Terrorism conviction of bin Laden’s driver thrown out by federal court

Associated Press

WASHINGTON— A federal appeals court on Tuesday threw out the conviction of Salim Ahmed Hamdan, a former driver for Osama bin Laden who served a prison term for material support for terrorism.

In a 3-0 ruling, the appeals court said that material support for terrorism was not an international-law war crime at the time Hamdan engaged in the activity for which he was convicted.

Hamdan was sentenced to 5 1/2 years, given credit for time served and is back home in Yemen, reportedly working as a taxi driver.

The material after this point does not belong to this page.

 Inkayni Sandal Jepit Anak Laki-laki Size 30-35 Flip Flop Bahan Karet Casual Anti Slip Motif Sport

“If the government wanted to charge Hamdan with aiding and abetting terrorism or some other war crime that was sufficiently rooted in the international law of war at the time of Hamdan’s conduct, it should have done so,” wrote Judge Brett Kavanaugh of the U.S. Circuit Court of Appeals for the District of Columbia. He was joined by two other judges, all appointed by Republican presidents.

Hamdan met bin Laden in Afghanistanin 1996 and began working on his farm before winning a promotion as his driver.

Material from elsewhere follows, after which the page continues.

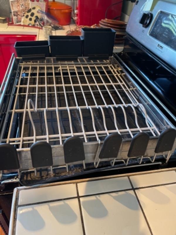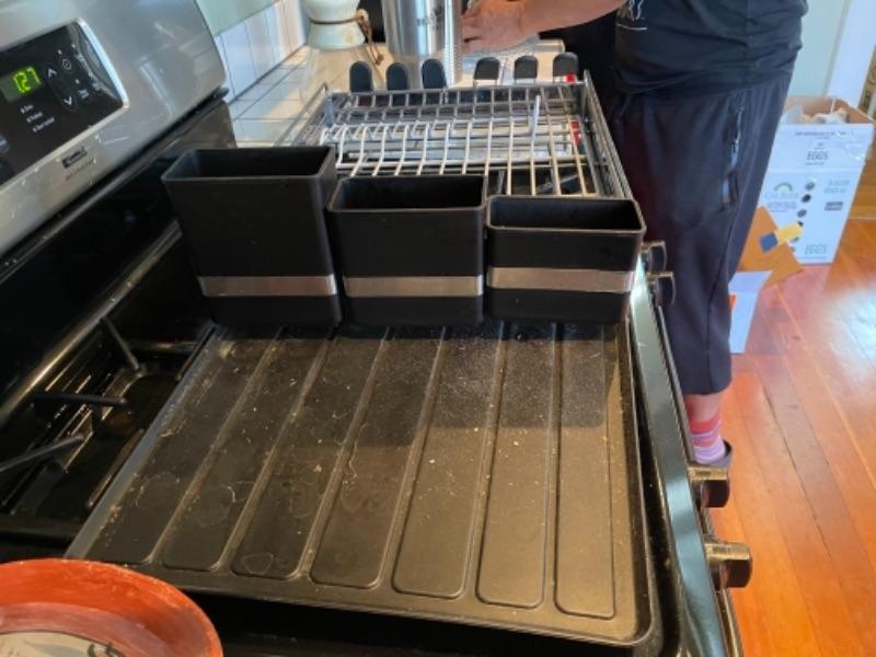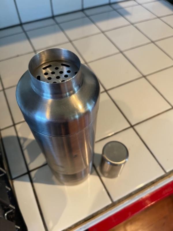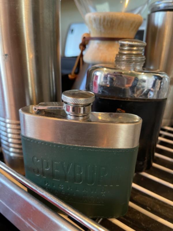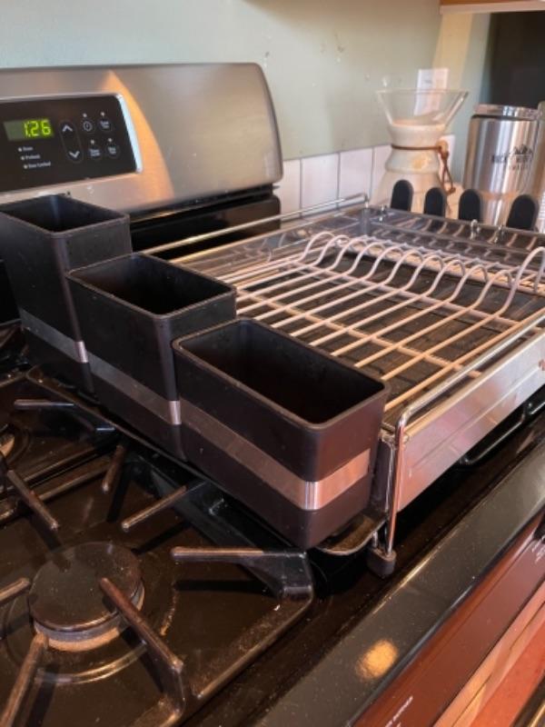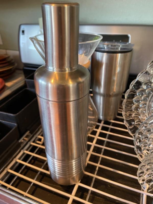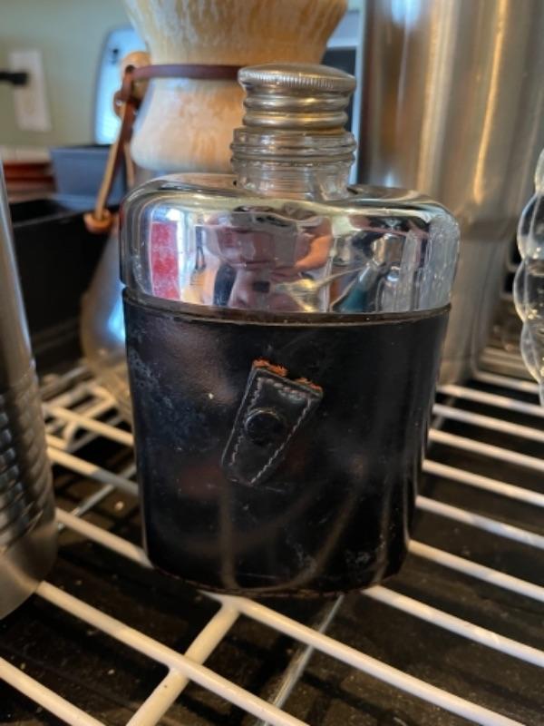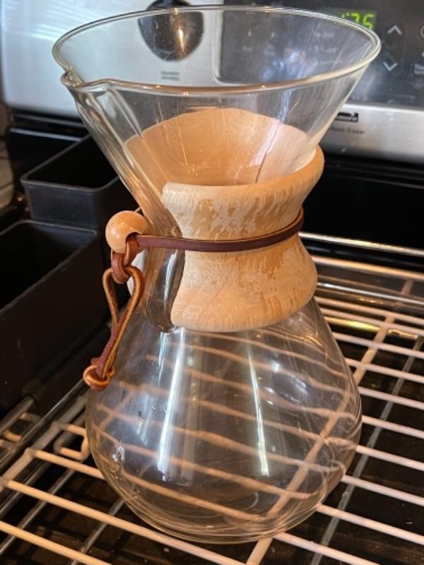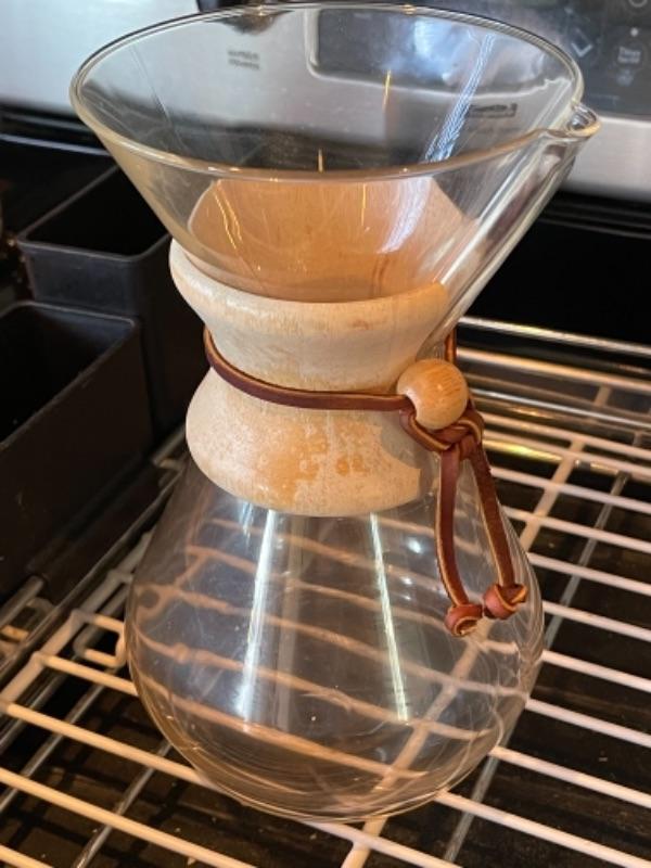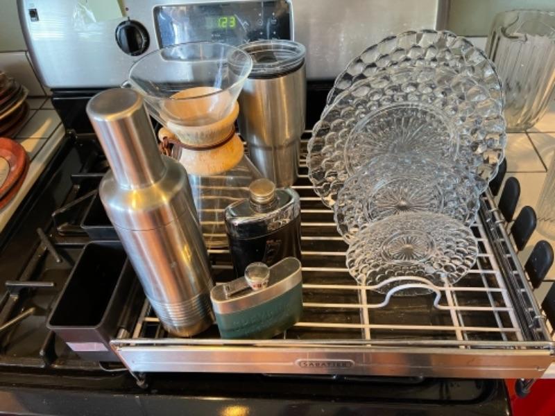 Lot 108K. Four glass plates, two stainless steel flasks, cocktail shaker, large insulated coffee tumbler, one dish drainer, one Chemex pour-over glass coffee maker with wood collar--$65

Defense lawyers say he only kept the job for the $200-a-month salary. But prosecutors alleged he was a personal driver and bodyguard of the al-Qaida leader. They say he transported weapons for the Taliban and helped bin Laden escape U.S. retribution following the September 11, 2001 attacks.

Hamdan was captured at a roadblock in Afghanistan in November 2001. In a trial at Guantanamo Bay Military Base, a six-member military jury in 2008 cleared Hamdan of two charges of conspiracy while finding him guilty of material support for terrorism.